Beat Cop’s setting steals the show. A pixel neighborhood block bustling with cars, cats, and people becomes your new home away from home as you fill the shoes of a detective recently dropped to the lower ranks of being a street cop after a sordid scandal. Storefronts with neon lights enthrall you. The city is alive. Criminals are everywhere. Tickets must be written.
But there’s nothing behind the buildings, it’s all just solid art direction and no follow-through. It reminds me of when you go to Universal Studios and you see all the backlots. You think they’re so pretty, but in reality, there’s nothing there. It’s an illusion of a bustling 1980’s neighborhood with none of the substance. Dialogue repeats itself constantly. Bland denizens walk down the street in a repetitive fashion, often the same exact model. Occasionally a cat patrols through the alley.

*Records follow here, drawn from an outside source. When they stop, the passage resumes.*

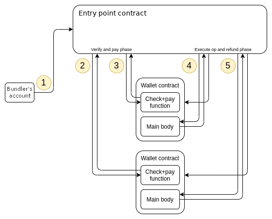 为解决以上种种问题,ERC-4337 提案通过引入称为“UserOperation”的交易对象来实现账户抽象,用户可以使用同时具备智能合约和 EOA 功能的单一钱包账户(账户抽象钱包)。不同的用户将 UserOperation 对象发送到 UserOperation 内存池中。由 Bundler 打包交易并提交到以太坊内存池。被打包的交易会经由 Entry Point 合约进行验证,然后调用特定的 Wallet 合约执行具体操作,随后上链。流程如下图所示:
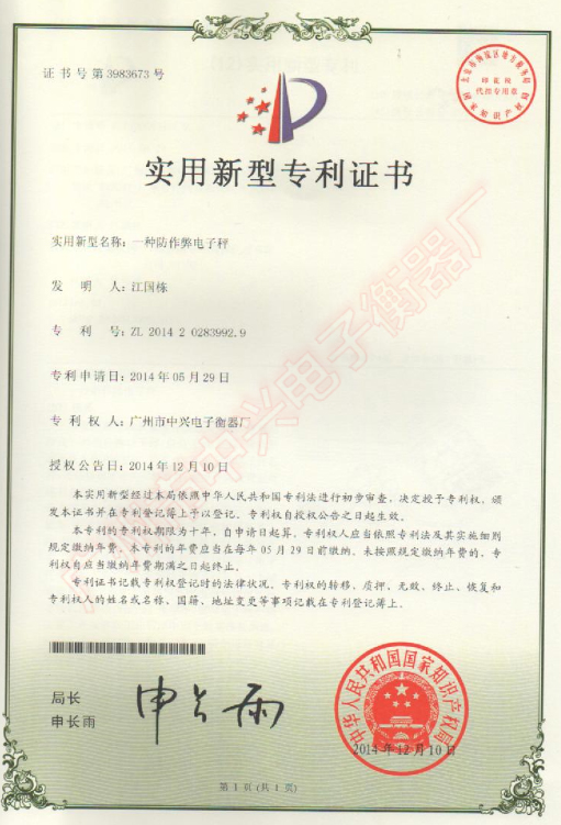 防作弊電子秤專利證書
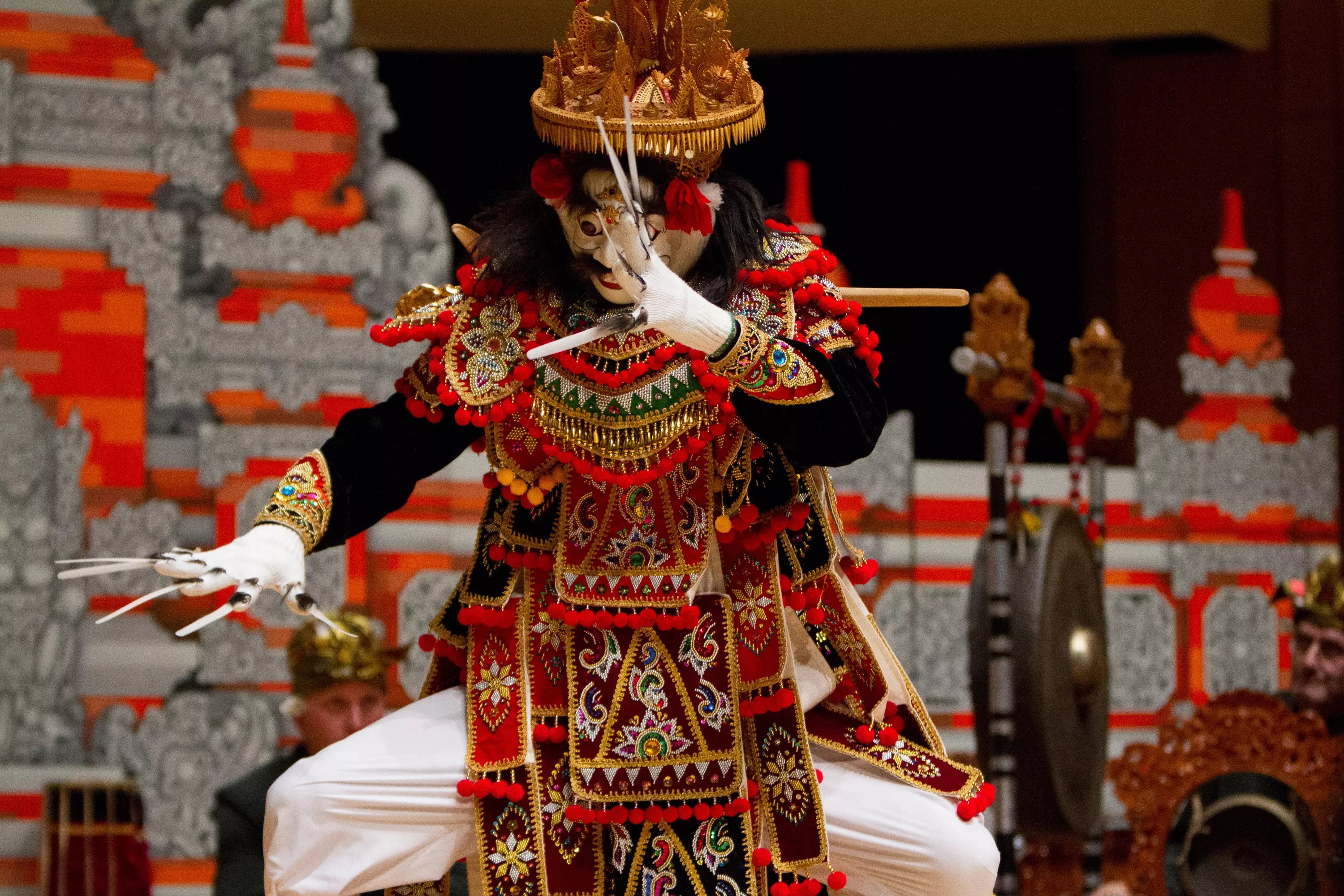 Other instruments in the ensemble include double-headed drums, large gongs, hand-held cymbals, flutes, percussive pots played with sticks, and a melodic instrument called the trompong. The latter requires four people to play it, as it is a long apparatus with a row of metal, kettle-like gongs mounted on a lavishly carved large wooden frame.

All of this can be excused, however, by budgetary constraints. After all, it’s an indie game. But the problems with Beat Cop run deeper and by far the biggest one is that it doesn’t have good writing; worse, in games with repetitive controls and mechanics, writing is the vehicle that must propel the game forward. It falls on its face when it tries. Jokes are usually nothing more than tropes from 80’s action films, ranging from racism to incompetence–often riffing off another joke that wasn’t funny prior.
The thing is, when it comes down to it, the game is still charming. The setting feels so alive and the game is caught in the epoch. The mechanics, while rote, are enjoyable to hammer off in succession. It almost pulls it off. Perhaps that’s why it’s even harder to take when the writing flounders and gets caught in its bland, stale stereotypes and cliched plotlines. It could be the perfect parody, a humorous retrospective on a decade where urban life was louder and less sophisticated.
But as it stands, it’s just an illusion. And even the prettiest illusion will eventually remind you that it has no depth as you write out your tenth ticket of the day in a snapshot of old America, watching two identical NPCs say the same line within frames from each other.
A copy of the game was provided for review.